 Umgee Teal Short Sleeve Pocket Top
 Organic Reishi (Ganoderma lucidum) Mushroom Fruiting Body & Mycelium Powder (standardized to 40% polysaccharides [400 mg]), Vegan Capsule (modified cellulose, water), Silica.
--------------------------------
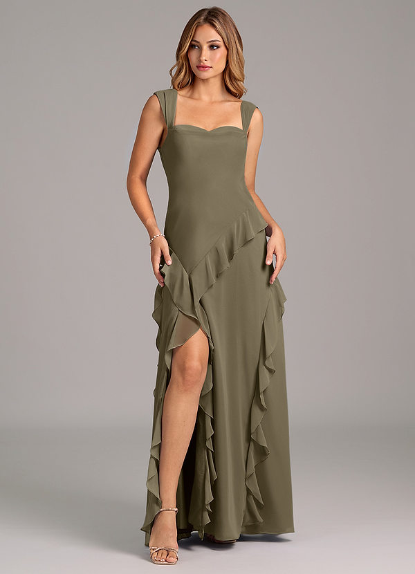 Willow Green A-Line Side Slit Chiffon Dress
--------------------------------
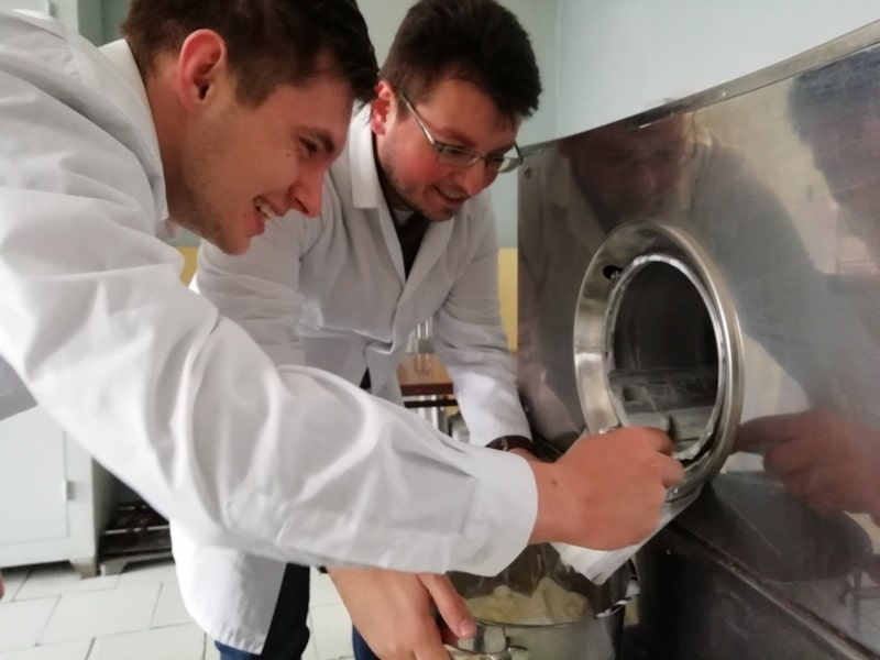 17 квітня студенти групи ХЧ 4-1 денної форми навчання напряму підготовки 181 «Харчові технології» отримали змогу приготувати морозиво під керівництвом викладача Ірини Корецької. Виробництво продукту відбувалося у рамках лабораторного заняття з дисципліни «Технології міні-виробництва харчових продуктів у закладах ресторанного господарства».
--------------------------------
**PROBLEM REQUIREMENTS**
Everything above from the line containing "Umgee Teal Short Sleeve Pocket Top" through the line containing "Organic Reishi (Ganoderma" must be copied exactly. Nothing outside that range belongs in the answer.

**EXERCISE OUTPUT**
 Umgee Teal Short Sleeve Pocket Top
 Organic Reishi (Ganoderma lucidum) Mushroom Fruiting Body & Mycelium Powder (standardized to 40% polysaccharides [400 mg]), Vegan Capsule (modified cellulose, water), Silica.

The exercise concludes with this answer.